Encryption in Transit
Directly building on https1/crypto1 and dbsec1-6: TLS protecting data moving over the network, both between users and services and between services themselves. Most managed services (Chapter 7) support or enforce TLS connections by default today. A genuinely common misconfiguration worth flagging explicitly: an application connecting to a managed database without actually enforcing TLS, even though the option is available — "available" and "enforced" are different things, worth checking directly rather than assuming.
Key Management Services (KMS)
Expanding the customer-managed-key point above: AWS KMS, Azure Key Vault, and GCP Cloud KMS centralize encryption key generation, storage, and rotation — directly applying crypto1-11's key management material to a specific product category. One genuinely important nuance: who can use a key to encrypt or decrypt is itself governed by IAM policies (Chapter 6) — key access and data access are two separate permission layers, and both need to be correctly configured for encryption to actually mean anything as a control.
Security Groups, NSGs & Firewalls, Revisited
A brief callback to Chapter 5 rather than re-teaching it: the network-layer security control. This chapter adds one thing Chapter 5 didn't cover — a Web Application Firewall (WAF), a Layer 7 control sitting in front of a web application, filtering malicious HTTP requests. This connects directly to this site's xss1/sqli1 courses' own attack categories: a WAF is a genuine defense-in-depth layer against exactly those attack types, not a replacement for actually fixing the underlying application vulnerability — echoing owasp1's own recurring theme that no single defense replaces properly handling the root cause.
Compliance Frameworks — A Brief Overview
Not a deep dive — just orientation to frameworks a support engineer is likely to hear referenced:
| Framework | Scope |
|---|---|
| SOC 2 | A common enterprise vendor-trust standard |
| PCI DSS | Payment card data |
| HIPAA | US health data |
| GDPR | EU data protection |
The general pattern across all of them: specific technical and procedural requirements for how sensitive data is handled, stored, and audited. Providers offer compliance certifications for their own infrastructure — the "of the cloud" side of Chapter 1's shared responsibility model — but using a compliant provider does not automatically make a customer's own application or configuration compliant. The "in the cloud" half of that responsibility remains entirely the customer's.
A Support-Relevant Distinction — "Is This Compliant?" Isn't a Simple Yes/No
Tying shared responsibility and compliance together directly: a customer asking "is your platform HIPAA compliant" often really means "is my specific configuration compliant" — which depends on things only they control (IAM policies, encryption settings, data handling practices), not just which provider they're using. Being able to explain this clearly, rather than giving a false blanket "yes" or "no," is a genuinely useful support skill.
Hands-On Exercises
Explain what encryption at rest protects against, and what it does not protect against — specifically contrasting a stolen physical disk with a compromised credential that already has legitimate decrypt access.
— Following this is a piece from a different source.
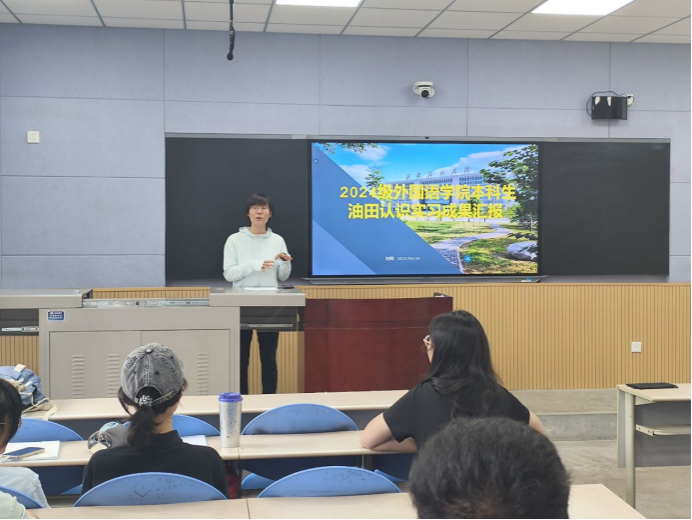 在成果匯報(bào)環(huán)節(jié),2024級英語、翻譯、俄語3個(gè)專業(yè)7個(gè)班級以雙語調(diào)研報(bào)告、演講、實(shí)習(xí)題材攝影成果展示等形式展示實(shí)習(xí)收獲。展現(xiàn)外語能力與能源知識的融合成果,為實(shí)習(xí)畫上圓滿句號。各班級匯報(bào)既展現(xiàn)了油氣勘探流程、壓裂技術(shù)等行業(yè)知識的認(rèn)知成果,也突出外語在技術(shù)文檔翻譯、國際合作溝通中的應(yīng)用實(shí)踐。各班班主任老師對學(xué)生將語言能力與能源行業(yè)深度結(jié)合的成果給予高度評價(jià)。
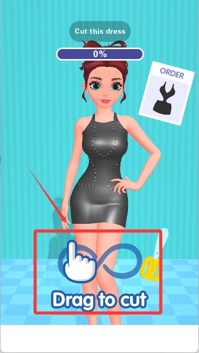 2、开始游戏后我们需要滑动屏幕操控剪刀裁剪衣服。

📄 View solutionExplain why "our cloud provider is SOC 2 / HIPAA / PCI DSS certified" doesn't automatically mean a customer's own application built on that provider is compliant.
📄 View solutionA team has already fixed a SQL injection vulnerability directly in their application code. Explain why deploying a WAF in front of the application is still worth doing, even after the "real" fix is already in place.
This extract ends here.